Always Look on the Bright Side of Life

"What's the point of living if you never learn to laugh?"

I think I read that somewhere once, but I can't remember where. I don't think the "where" matters, really--it's all about the "what," and that "what" has stuck with me for God-knows-how-many years. What's the point of living if you never learn to laugh?

It's a policy I live by, I've realized. I don't know what happened somewhere in my past (what's your childhood trauma?!?), but in that mess of butchered Barbies and scribbled scrawlings it dawned on me that laughing is really one of the best things in the world. I want to do it all the time. I can't be around people who don't know how to.

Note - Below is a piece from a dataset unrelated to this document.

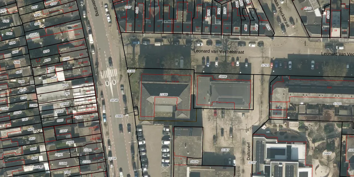 Het perceel waarop Leonard van Vechelstraat 4-08 staat heeft een oppervlakte van 1005 m². Dit is een zeer groot perceel. De perceeloppervlakte wordt geregistreerd door het Kadaster. Gedetailleerde informatie over de maten van dit perceel kunt u vinden in het rapport Kadastrale kaart met maatvoering van Leonard van Vechelstraat 4-08.

It's served me pretty well so far. I've gotten through my life a bubbly person, even if I am sarcastic. By being able to laugh, I've allowed myself a self-dependence that I wouldn't have been able to have otherwise. Most of the time, laughter allows you to yank yourself up by your bootstraps. Shoelaces. Whatever.

The flipside of this--the awful, stunted flipside--is that I think I've come to depend on the laughter. And that's no good. That's no good at all. I'm at a total loss in situations that demand serious thought (I avoid serious thought like the plague, as Lord Peter Wimsey once said...oh, you crime-solving, British, fictional genius, you). Someone breaks out the Feelings--and there I go, up shit creek without a paddle.

I'm not a sociopath, no matter how I may seem (that's especially for you, boy in my Spanish class). I understand feelings. I just don't always enjoy talking about them. There's definitely still that stereotype out there that girls are all touchy-feely about shit, that they have long, drawn-out conversations about their innermost secrets, most often between sexual experimentation and underwear-pillow-fights. Because that's what girls do on sleepovers.

Nope. Not so into that. I'll listen--I'm a great listener, and I enjoy listening and helping. But I don't really have much to share. I wish people would stop expecting me to share! When I have something to say, I'll say it! But I won't say it to someone I don't know very well, and I won't say it unless I mean it!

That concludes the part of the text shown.